Richard Ballantyne (August 26, 1817 – November 8, 1898) was the founder of the Sunday School of the Church of Jesus Christ of Latter-day Saints, having begun the program in December 1849. He was also a Mormon pioneer and missionary.

Ballantyne was born in Whitridgebog, Roxburghshire, Scotland, where he was a Sunday school teacher in the Relief Presbyterian Church. In December 1842, Ballantyne became a member of the Church of Jesus Christ of Latter Day Saints, being baptized in the Firth of Forth at Leith. In 1843 he and a number of his family members emigrated to Nauvoo, Illinois, where the majority of the Latter Day Saints were gathering. On February 17, 1847, Ballantyne married Hulda Meriah Clark, and they emigrated to Utah Territory in 1848 with the Mormon pioneers.

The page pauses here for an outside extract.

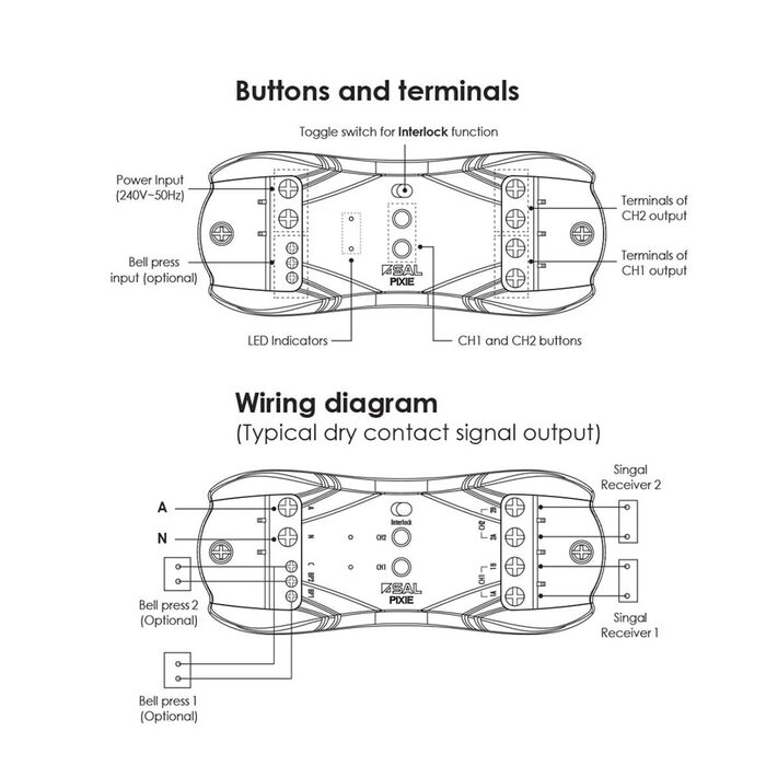 - Two channel relays to create multiple dry contact signal outputs.

While living in Salt Lake City, Ballantyne asked for permission from his bishop to establish a Sunday school for some of the Latter-day Saint children. Having been granted permission, he held the first Church Sunday School meeting in his home on December 9, 1849. Approximately 50 students were in attendance. Sunday School was organized church-wide in 1867.

In 1852, Ballantyne was called to serve a church mission to India. He worked there with little success from 1853 to 1855.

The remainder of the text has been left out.